名古屋市の繁華街・栄で、飲食店利用客に高額な料金を請求する「ぼったくり被害」が相次いでいる。愛知県警によると、2025年は8月末時点で相談件数が180件に達し、すでに年間最多を更新。被害総額は1億2000万円を超え、来年秋のアジア競技大会・アジアパラ競技大会を控える中、県警はパトロールを強化している。
名古屋のみならず、東京・歌舞伎町では2015年頃から、キャバクラやガールズバーによる高額請求が社会問題化してきた。交番前で被害者と店員が言い争う光景は日常化している。典型的な手口としては、メニューの小さな文字に高額なサービス料を忍ばせたり、同席した女性に勝手に高額ドリンクを注文させたりするものだ。請求額が1人30万円から50万円に達する例もあり、その悪質さは際立っている。さらに一部店舗では、特殊詐欺グループの資金洗浄に使われていた実態も確認されている。

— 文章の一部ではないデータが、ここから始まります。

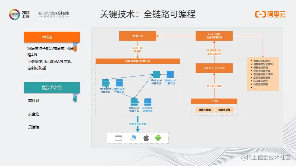 为此我们开发了全链路可编程系统,对流媒体传输和流媒体处理都进行了可编程扩展,把C代码进行原子能力的抽象,抽象到相应Lua的API,通过调用这些API,可以组合出各种不同的业务能力,以满足播放行为、时间戳、QoS算法迭代以及转码动态规则调整等需求。Lua代码实现以后,会通过配置中心传输到流媒体的传输网络和处理网络,以满足新功能或优化快速迭代的需求。

こうしたぼったくり店を見分けるための「ライフハック」がある。最もわかりやすいのが「店の看板」なのだとか。一体どういうことか。繁華街事情に詳しいルポライターが解説する。
「そもそも看板がなければ、店名がわかりません。あるいは、あっても英語の筆記体などで書かれていると、判読しにくいケースがあります。どちらも危険なサインです」
店名が読みにくいのはトラップであり、あとで思い出せないように仕組んであるのだ、と。とはいえ、多くの繁華街では客引き自体が条例で禁止されており、安易にキャッチについていかないことが最大の防衛策となる。
そもそも筆記体表記のぼったくり店があるのは偶然ではない。文部科学省は2002年告示の学習指導要領改定で、2003年度から筆記体を必修から外した。そのため、1990年4月から1991年3月生まれを境に、現在34歳から35歳以下の世代は、学校で筆記体を習わずに育ってきた。結果として筆記体の店名は若い世代には判読が難しく、あとから場所を特定しづらい。こうした「教育の空白」を、ぼったくり店が意図的に利用しているとしたら…。

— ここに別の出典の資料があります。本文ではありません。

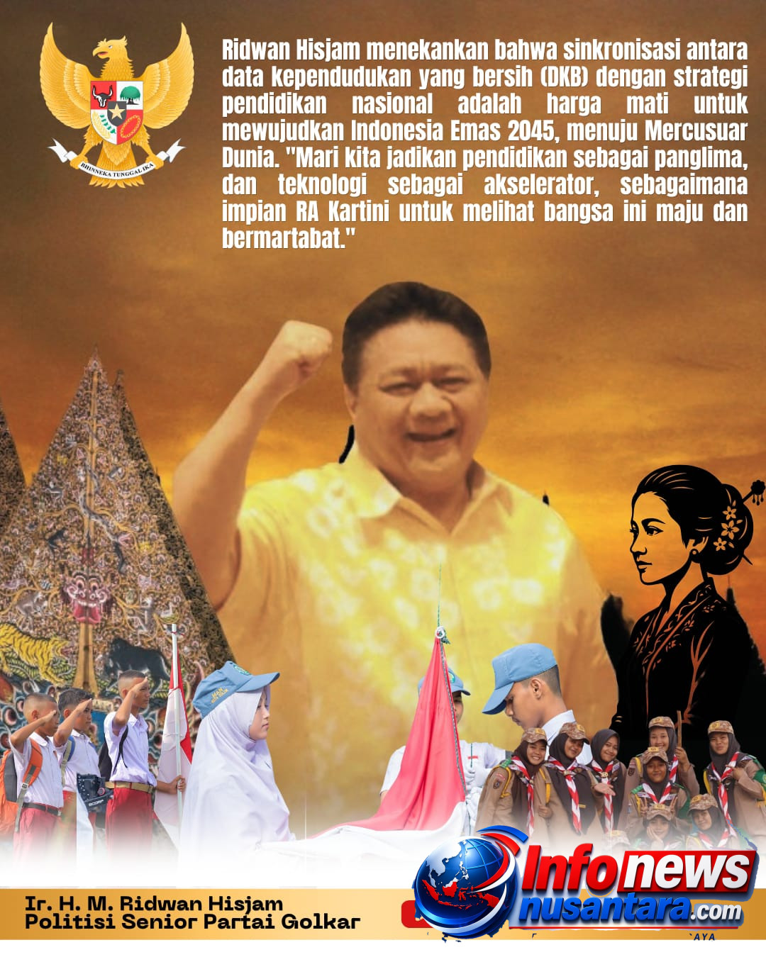 Ridwan Hisjam menekankan bahwa sinkronisasi antara data kependudukan yang bersih (DKB) dengan strategi pendidikan nasional adalah harga mati untuk mewujudkan Indonesia Emas 2045, menuju Mercusuar Dunia. “Mari kita jadikan pendidikan sebagai panglima, dan teknologi sebagai akselerator, sebagaimana impian RA Kartini untuk melihat bangsa ini maju dan bermartabat,” pungkasnya.

不幸にして被害に遭った場合は看板やレシートを撮影し、場所や金額を特定できる証拠を残すことが重要となる。そして何よりも大切なのは、怪しげな客引きには決してついていかないこと。名古屋や歌舞伎町に限らず、全国の繁華街で同様の手口が横行しており、利用者ひとりひとりの警戒心こそが、被害防止の最も有効な手段となる。